# APBTs in Flyball...



## ThaLadyPit (Oct 12, 2008)

This is not my video, but I'm sharing because I thought it was cool. Courtesy of our very own Pit Bulletin Legal News via Face Book (where I got the link from).






Enjoy everyone!


----------



## Carriana (May 13, 2008)

Amazing! Those aren't dogs, they are speeding bullets!


----------



## EckoMac (Aug 25, 2010)

Faster then Border Collies is pretty dang impressive!


----------



## Black Rabbit (Nov 14, 2009)

Damn they were really flying.  such a cool vid :woof:


----------



## Beret (May 22, 2013)

I love this video more every time I see it!

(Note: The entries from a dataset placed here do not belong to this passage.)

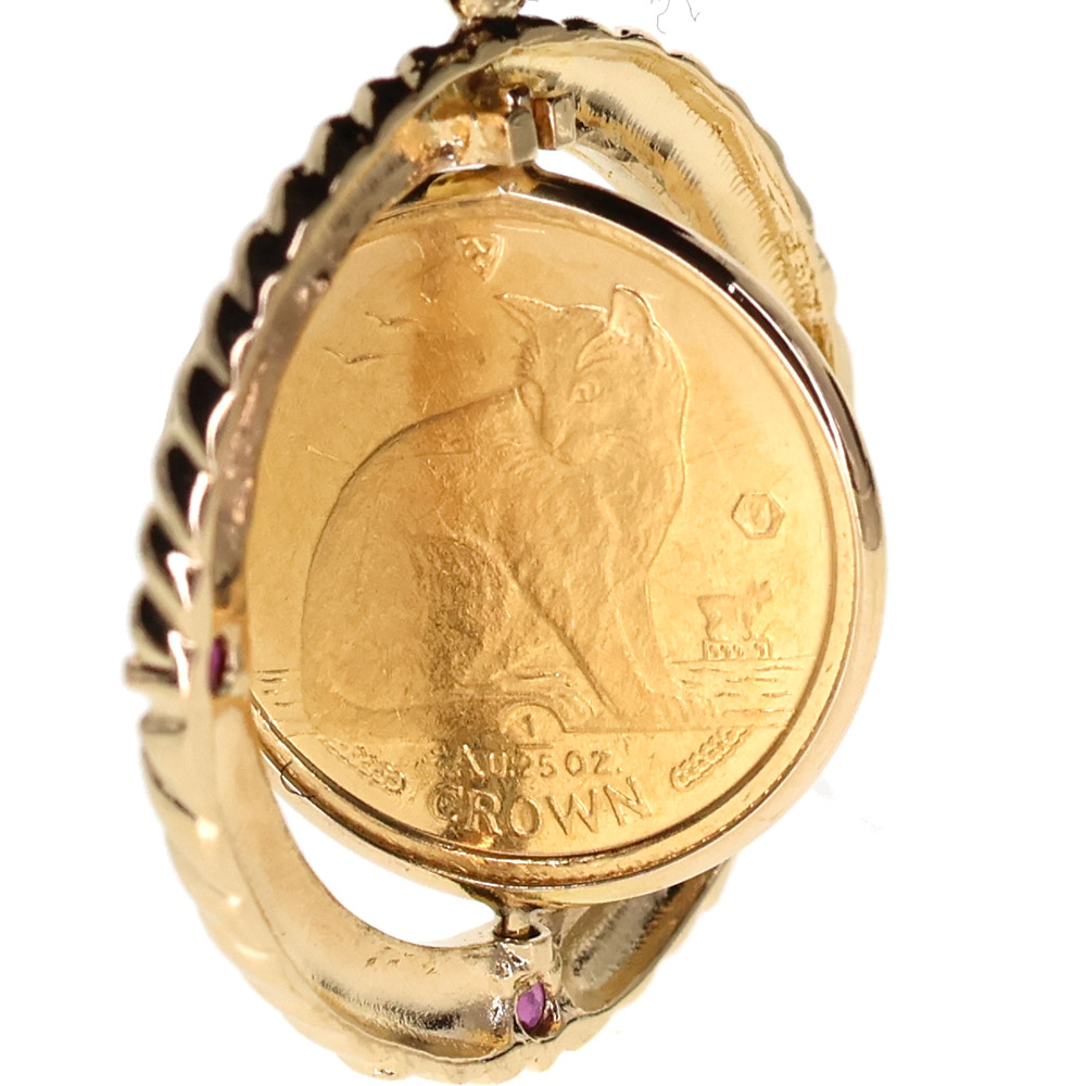 | 商品説明 | K24/K18【24金/18金】マン島キャット1/25ozコイントップルビー付のご紹介です。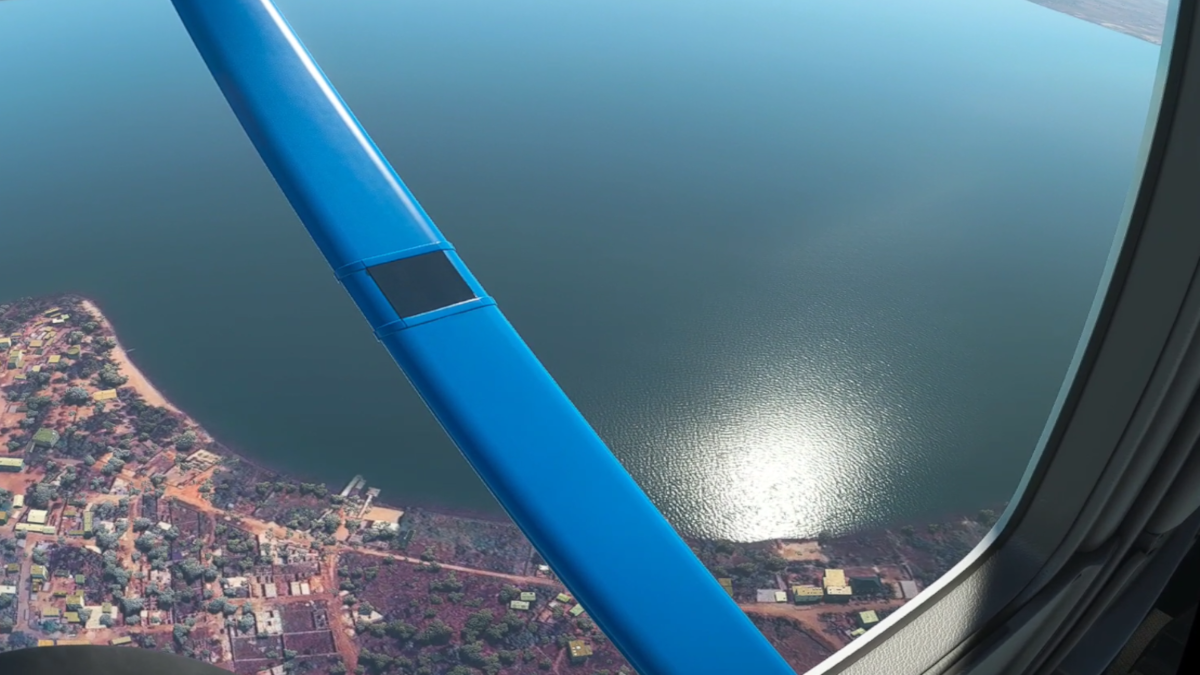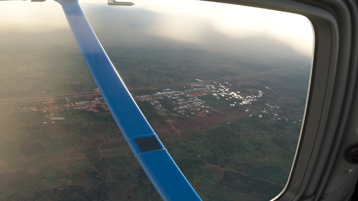 El 15/06/22 volamos la etapa 22 del tour mundial desde el aeropuerto Cadjeboun (DBBB) en Cotonú, Benin. Las condiciones meteorológicas estaban bastante degradadas, por lo que la primer parte del vuelo la realizamos en condiciones MVFR (Marginal Visual Flight Rules). Si bien el vuelo estaba programado para 1500 pies nos mantuvimos a unos 1100 para cubrir el minimo de seguridad de 1000 pies sobre el objeto mas elevado, ya que pasabamos por muchas ciudades o pueblos. Despegamos desde la pista 24 (desde el punto de espera a mitad de la pista) y realizamos circuitos a izquierdas para luego proseguir por línea de costa hacia el este.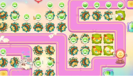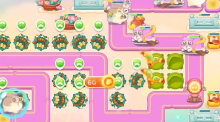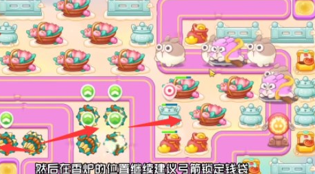 1、开局在左下角位置放多重箭,先把旁边的小道具打掉,再放多重箭,等兔子从左下角路口出来之后打兔子,往右侧继续清理,可以直接锁定,就能打到兔子,打完道具放多重箭。

We just started our first flyball class yesterday... I have high hopes!


----------



## ~StangChick~ (Jan 1, 2009)

Look at em go. awesome.


----------



## Firehazard (Dec 4, 2009)

Sweet Clip........


> APBT can out do any dog at what it was bred to do, then whip em when their done.......... (Colby, Armitage)


----------



## ThaLadyPit (Oct 12, 2008)

I thought everyone here would appreciate that video. I was in awe watching them. I liked the end when they went as teams and did it back to back like that! Pretty cool, huh?


----------



## ames (Jun 6, 2010)

ThaLadyPit said:


> I thought everyone here would appreciate that video. I was in awe watching them. I liked the end when they went as teams and did it back to back like that! Pretty cool, huh?


thanks for sharing Bev!!! I LOVED it so much!! I love the BSL team hahaha and how focused they were in the teams, WOW so amazing to watch!!


----------